Le modèle moderne des entreprises militaires et de sécurité privées a émergé dans le creuset du système post-Guerre Froide, où non seulement les États avaient besoin de puissance de feu pour faire pencher la balance et revendiquer des ressources ou de la légitimité. Les gouvernements assiégés pouvaient externaliser leurs besoins militaires aux entreprises militaires et de sécurité privées, et il en était de même pour les groupes rebelles et même les entreprises commerciales.

L’invasion de l’Ukraine par la Russie a remis en question cette croyance, stupéfiant politiciens, dirigeants militaires, universitaires et journalistes en raison du conflit majeur qu’elle a engendré entre deux nations avancées. On avait l’impression d’un retour au XXe siècle, avec les deux États mobilisant des chars, de l’artillerie, des forces aériennes, des systèmes de missiles et des forces navales les uns contre les autres.

L’émergence de la guerre de tranchée semblait remonter encore plus le temps. Un examen approfondi des efforts militaires russes a révélé que ce que nous observions était en fait le même modèle de guerre stratifié affiché dans des lieux comme la Syrie et la Libye, où les rebelles formaient des alliances changeantes et où les gouvernements s’associaient à des acteurs privés et à des groupes paramilitaires pour mener la guerre.

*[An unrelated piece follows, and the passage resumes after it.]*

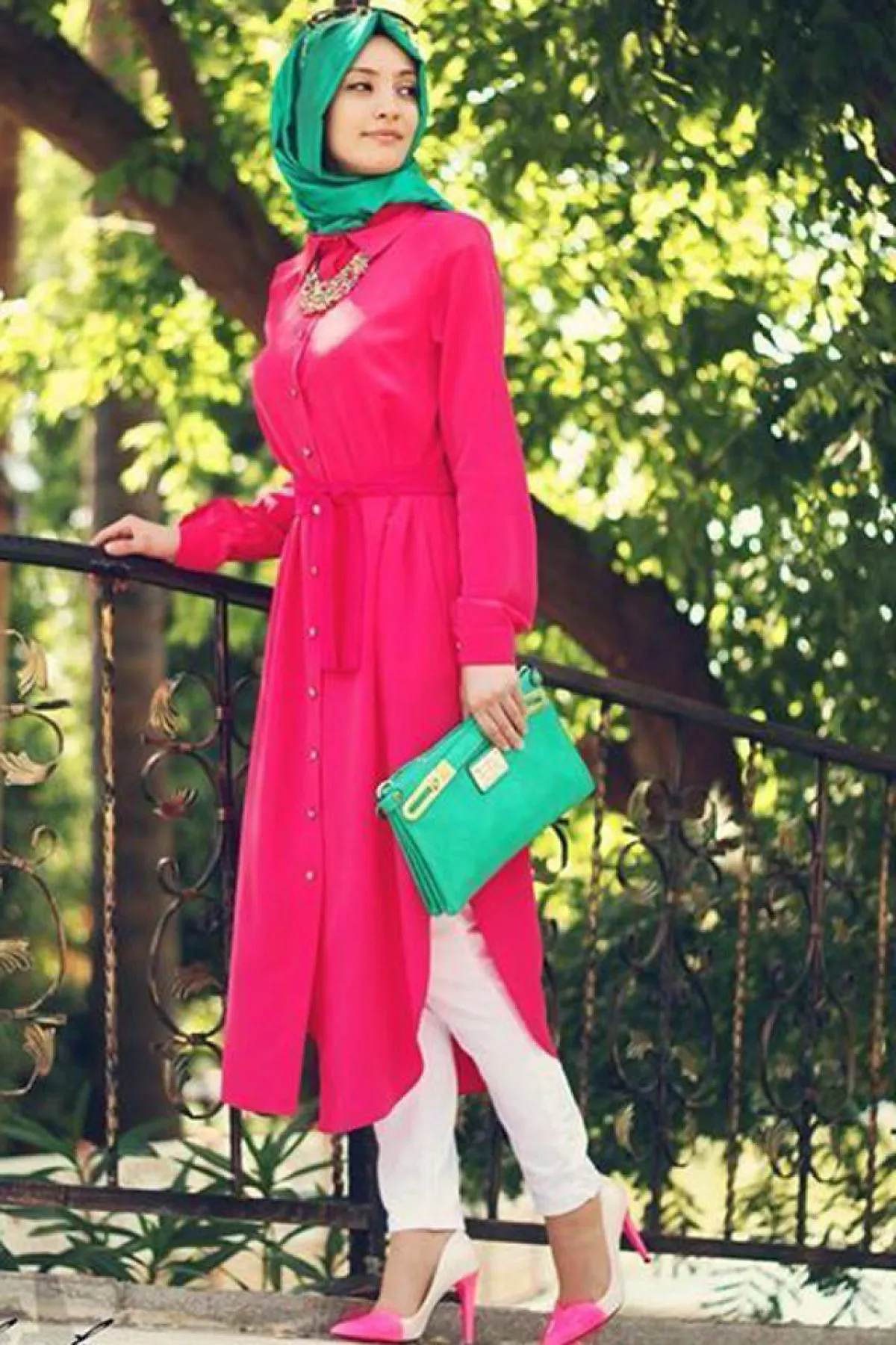 - جربي ارتداء الأحزمة مع القميص الطويل وكذلك العقود الطويلة لأنها ستمنحك إطلالة متجددة مع الحجاب.

Cette stratégie était motivée par le besoin de la Russie d’équilibrer ses efforts militaires avec les sensibilités politiques locales et les défis qu’elle devait relever, ainsi que par les outils dont elle disposait pour les aborder.

Depuis 2014, la Russie avait encouragé une gamme d’organisations paramilitaires à mener une guerre déniable contre l’Ukraine. Celles-ci pouvaient désormais être exploitées pour attirer des combattants supplémentaires. Les politiciens et les entreprises régionales comme Gazprom étaient soumis aux caprices du gouvernement et pouvaient être exploités pour utiliser leurs ressources afin de créer de nouvelles unités en échange d’un traitement préférentiel.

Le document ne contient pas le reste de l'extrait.